I think the guys have begun to draw an audience; I had to squeeze between a bearded student and a suit-and-tie type. As I stirred my cup of black-beans, eggs and pico de gallo, I hoped for a saucy Hill Country story to share here, maybe something like the tale about tent sex.
They faked me out on my last visit. Just as I was standing to leave, the goateed guy referenced a bar he'd owned near the state capitol and went on to say, "Well, you'd be surprised at the politics that happened in the urinal." The musician answered, "Oh, are we telling urinal stories this morning?"
Have you ever heard a more promising story lead? I put my bag back on the bar and returned my bottom to the stool. But the conversation took a detour and I took my leave shortly after.
While I waited this time to hear something worth retelling, I looked out the window.

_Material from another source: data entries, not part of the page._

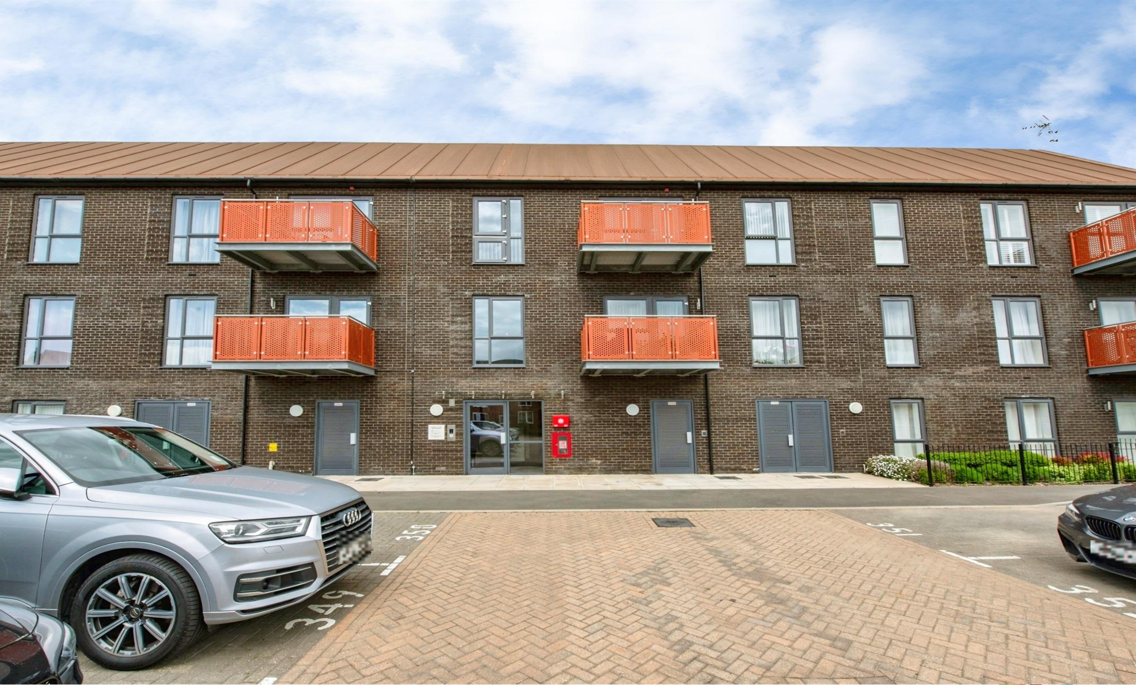
Dovestone Close, West Thurrock Grays RM20 3DF
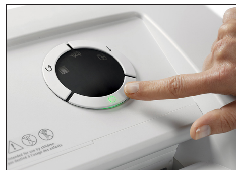
The easy-to-use command dial controls all shredder functions including power up, reverse, and continuous run.
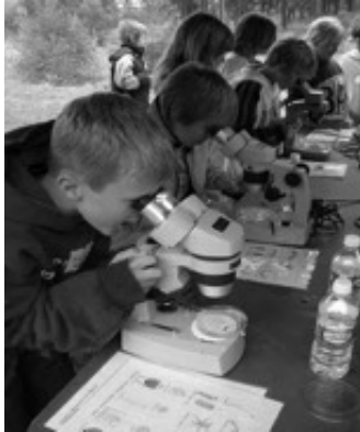
Students study macroinvertebrates during PCEI Education program.

The McCall Outdoor Science School (MOSS) is a collaboration between the Palouse-Clearwater Environmental Institute (PCEI) and the University of Idaho. MOSS is the only publicly operated residential environmental science learning center in the state of Idaho. We use the outdoors as an integrating context for learning about science, place and community. We help schools meet state academic achievement standards by providing academic enrichment in science, math, technology and engineering, as well as language arts and physical education; we also provide opportunities for community building and a chance for experiencing active lifestyles and well balanced meals.

In front of the cafe, a redheaded, mid-30's woman in an aquamarine tank top and driving gloves was leaning out the side doors of her dark Toyota Sequoia. She lifted a folded wheelchair to the ground and clicked it open and upright. Then she inserted a seat pad, tucked in a pocketbook, grabbed the arms of the chair and in one motion, swung herself out and into the seat, twisting her legless body in the air to settle facing the van.
As she wheeled around and rolled herself toward the door, the voices droned on at the table behind me but I didn't hear the words. My eyes were focused on my paddle-shaped feet and creaky knees, my heart thankful.